If DMT creates these incredibly vivid "encounters" then that tells us more about the nature of DMT than it does about the validity of these so-called "contacts". Since all we are is a couple pounds of grey goo in a skull-shaped box, all reality is based on input. A chemical potent enough to override that input totally would create illusiary circumstances that would by definition appear totally real, yet be completely false.

As an aside, I don't recall anyone around here touting hypnosis either (not in this thread anyway). Certainly it wouldn't be me. Hypnosis makes for light entertainment but a poor research tool.
 
CapnG said:
Ya think? Doesn't the very fact we refer to these substances as "mind altering drugs" speak volumes about the potential for innacuracy and fabrication?

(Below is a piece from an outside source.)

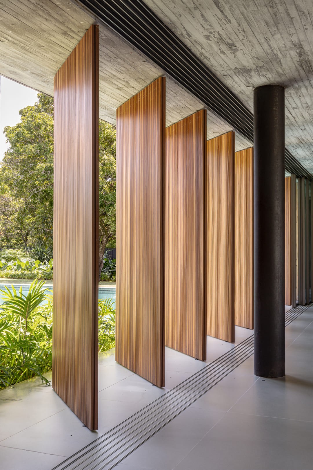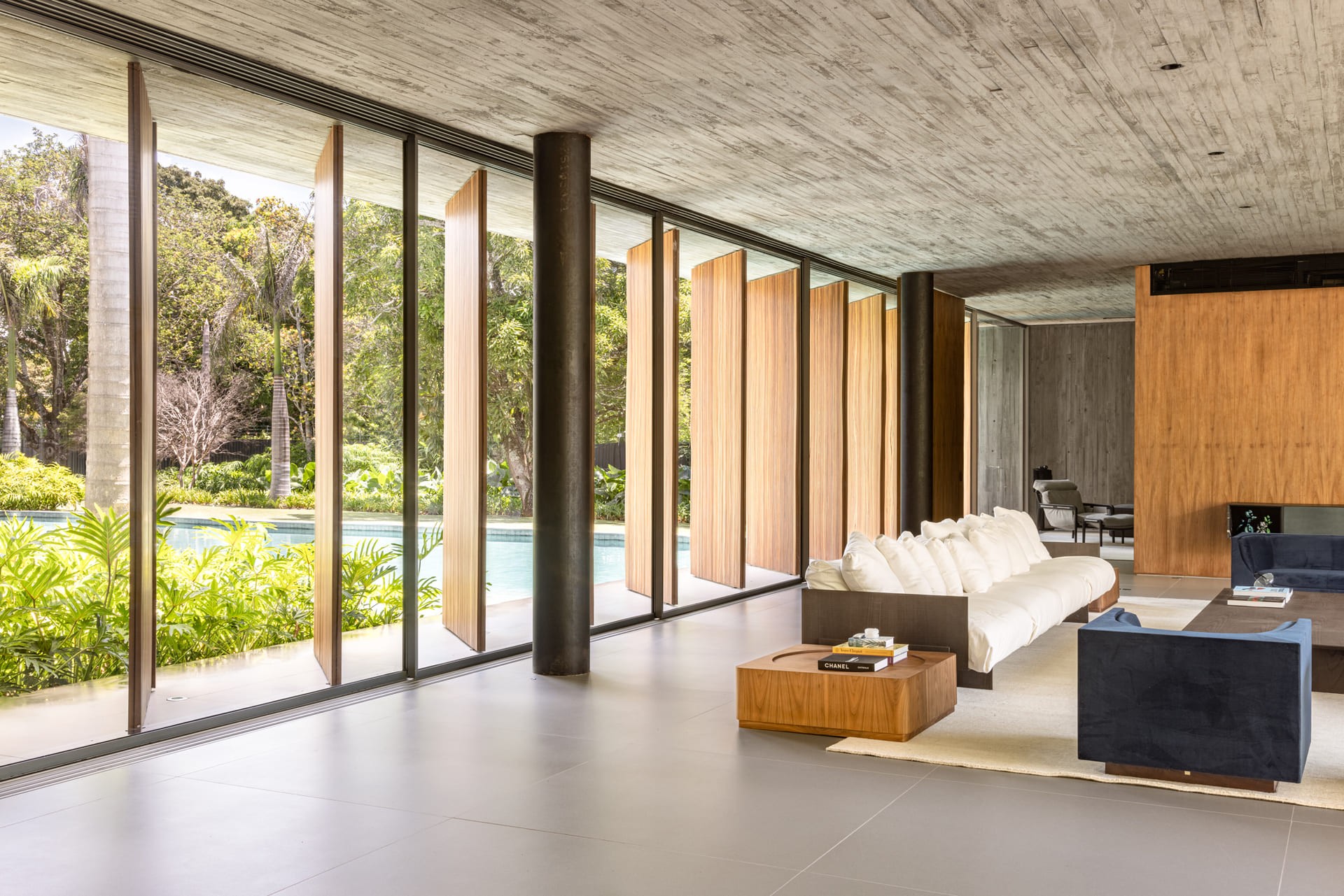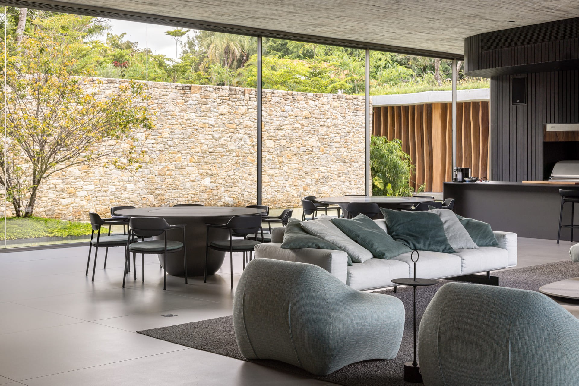 Os materiais foram escolhidos com rigor: pedra, madeira, vidro e concreto compõem uma paleta reduzida e elegante. Esquadrias piso-teto garantem permeabilidade visual entre interior e paisagem, enquanto painéis pivotantes de madeira maciça introduzem privacidade e controle térmico. A água — presente em espelhos d’água e na piscina linear — reforça a sensação de refúgio e conforto térmico.

Sure. You're kind of commenting on a very small portion of my thought there, though. I never said if you're a UFO witness or contactee or whatever you should rush out and do drugs right after your UFO experience. I'm just talking about the need for more research into the effects of some drugs because it could shed light on the abductee phenomenon. For example, maybe learning what effects the drugs have on the brains of individuals who report abduction-like experiences on DMT could shed light on brain states implicated in "actual" abductions (for lack of a better word.)

It all boils down to how you want to approach the phenomenon for research, and this seems a very promising avenue, given the uncanny similarities in the experiences reported by DMT subjects and abuctees.

Proving what? That use of DMT promotes a specifc reaction? So? The results of morphine use are well known, yet no one questions why the patient suddenly feels no pain. It's not a "miracle", it's chemistry.

If DMT creates these incredibly vivid "encounters" then that tells us more about the nature of DMT than it does about the validity of these so-called "contacts". Since all we are is a couple pounds of grey goo in a skull-shaped box, all reality is based on input. A chemical potent enough to override that input totally would create illusiary circumstances that would by definition appear totally real, yet be completely false.

It tells you about the nature of DMT maybe more than other things, yes, but you dismiss these contacts as being somehow "invalid" when I think we don't even know how to call a contact "valid" or "invalid" (since we, or at least I, don't know at all what they are to begin with). Certainly drugs can create illusions of things that aren't real, but if you have an illusion of something that's very similar to some other experience that you can't define, maybe that thing that can't be defined is working on the same parts of the brain.

I don't know if that's true or not, I'm just saying maybe, hence the need for more research from all possible avenues.